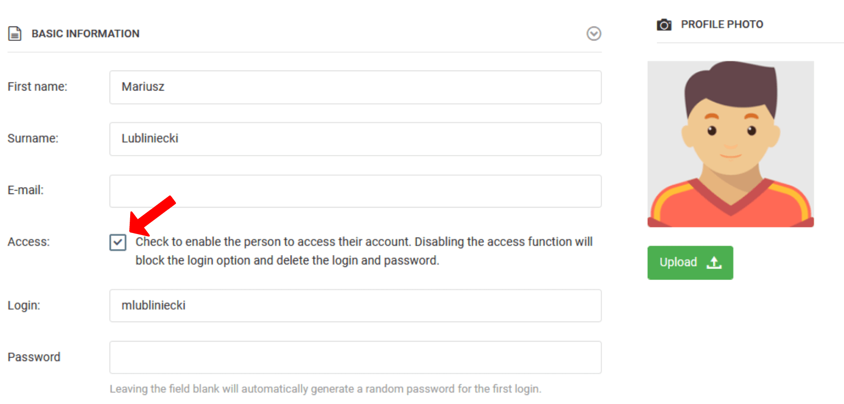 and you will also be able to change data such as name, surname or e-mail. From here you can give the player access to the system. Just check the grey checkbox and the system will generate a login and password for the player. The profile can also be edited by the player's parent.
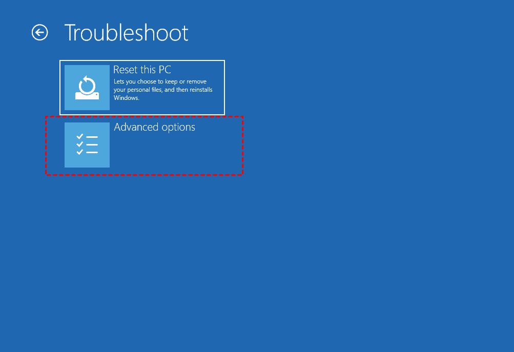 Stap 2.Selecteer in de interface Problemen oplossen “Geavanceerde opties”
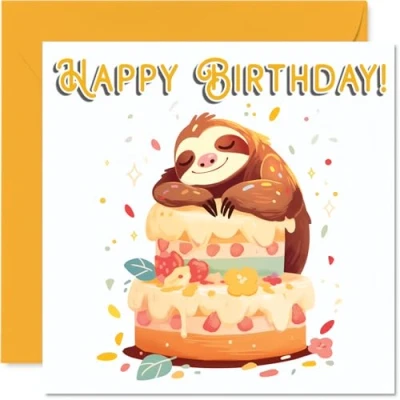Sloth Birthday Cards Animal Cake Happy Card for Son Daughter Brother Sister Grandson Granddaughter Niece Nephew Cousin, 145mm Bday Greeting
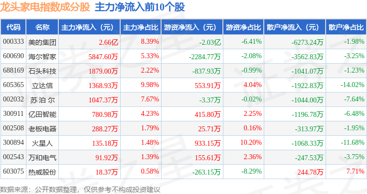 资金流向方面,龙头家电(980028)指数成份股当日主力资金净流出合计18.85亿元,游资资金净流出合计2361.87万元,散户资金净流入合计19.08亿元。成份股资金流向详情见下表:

◆ ◆ ◆ ◆ ◆

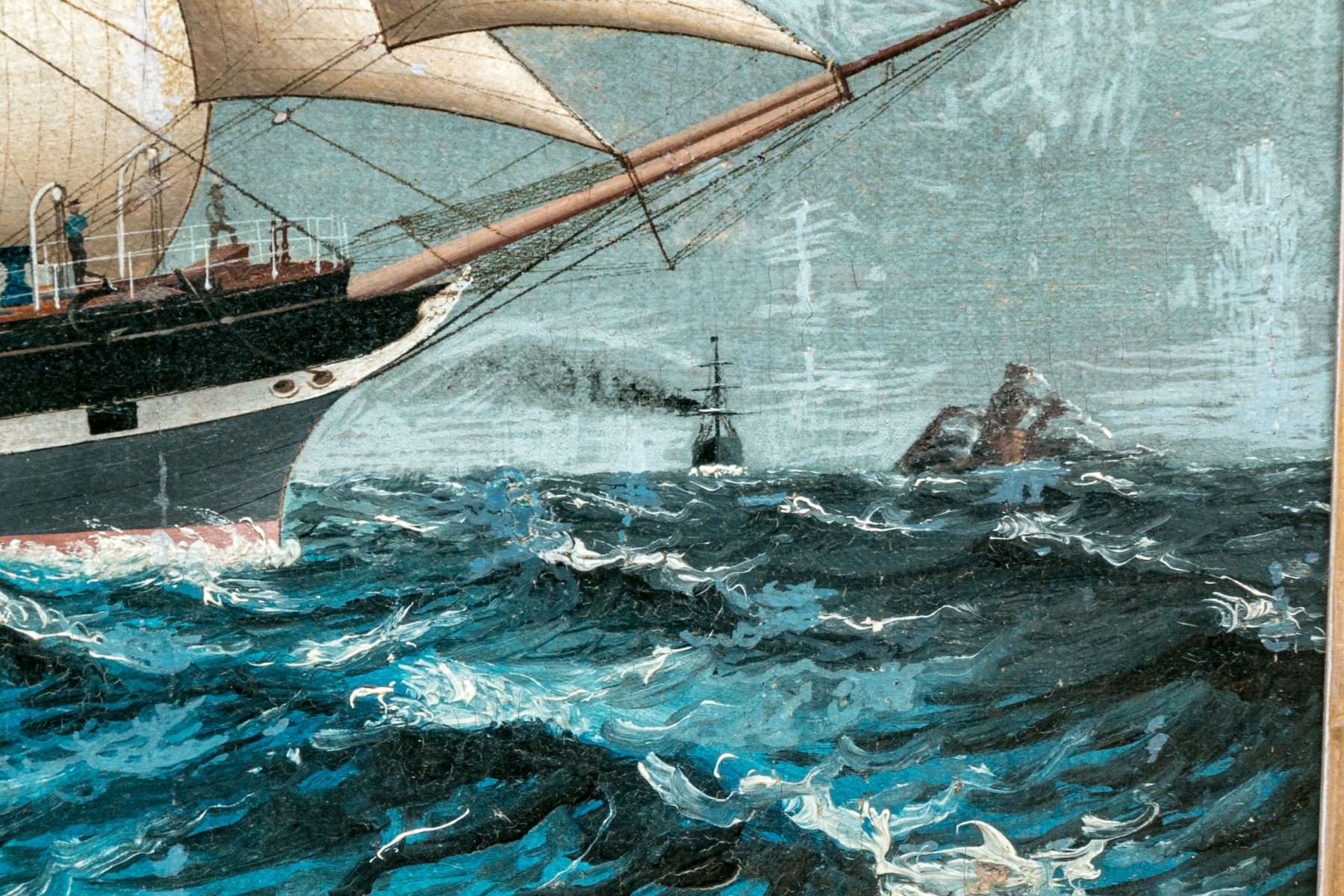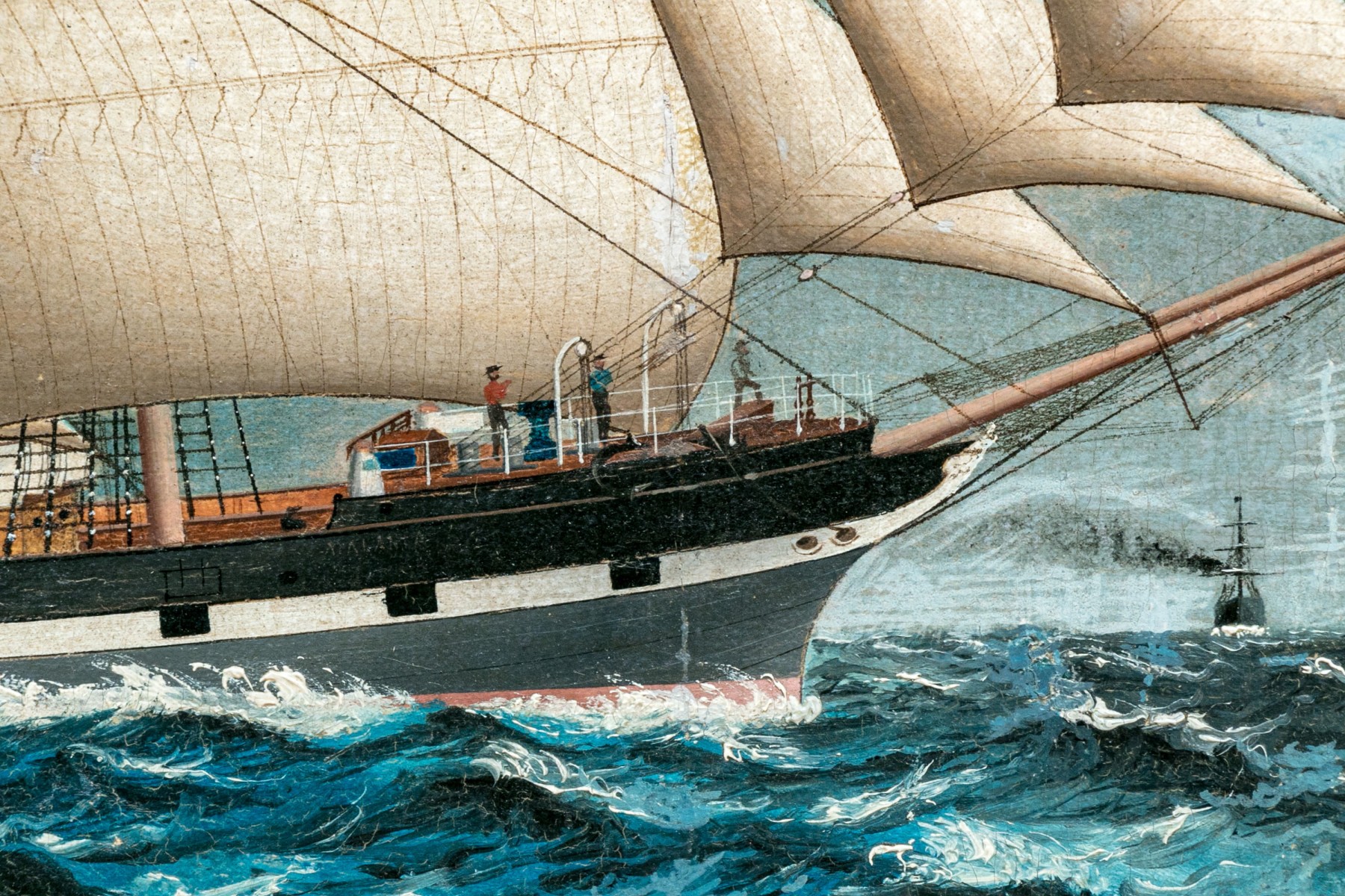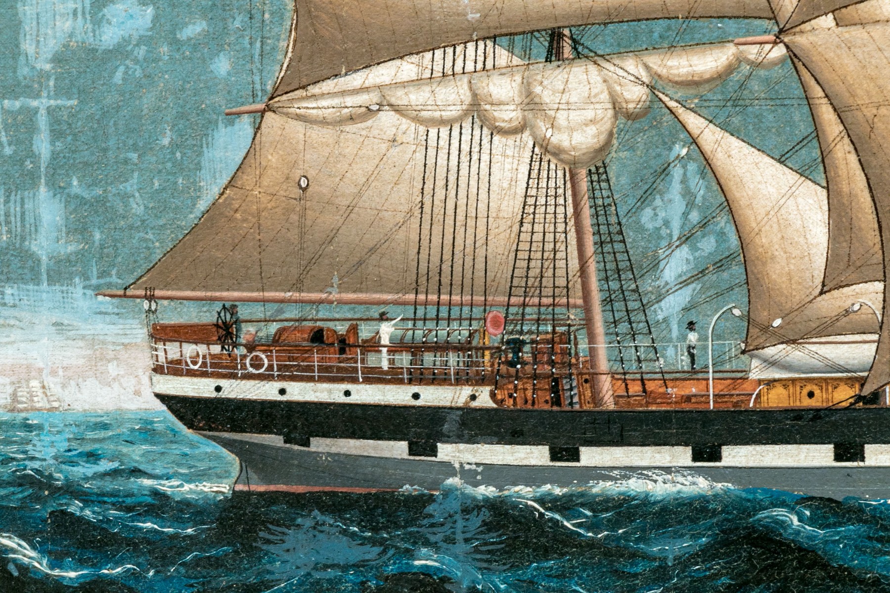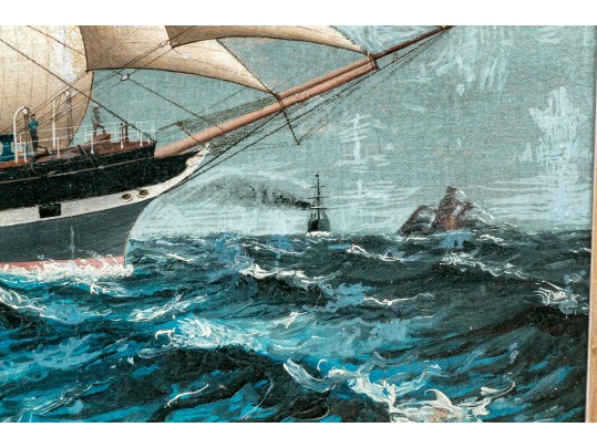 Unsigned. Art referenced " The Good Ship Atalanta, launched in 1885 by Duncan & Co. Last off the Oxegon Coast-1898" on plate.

◆ ◆ ◆ ◆ ◆

• [WORK REQUEST]:
Exactly the lines above, from the one containing "and you will" down to the one containing "资金流向方面,龙头家电(98", are to be repeated, including both ends. Pictures are not part of the copy.

• [TASK RESPONSE]:
 and you will also be able to change data such as name, surname or e-mail. From here you can give the player access to the system. Just check the grey checkbox and the system will generate a login and password for the player. The profile can also be edited by the player's parent.
 Stap 2.Selecteer in de interface Problemen oplossen “Geavanceerde opties”
Sloth Birthday Cards Animal Cake Happy Card for Son Daughter Brother Sister Grandson Granddaughter Niece Nephew Cousin, 145mm Bday Greeting
 资金流向方面,龙头家电(980028)指数成份股当日主力资金净流出合计18.85亿元,游资资金净流出合计2361.87万元,散户资金净流入合计19.08亿元。成份股资金流向详情见下表:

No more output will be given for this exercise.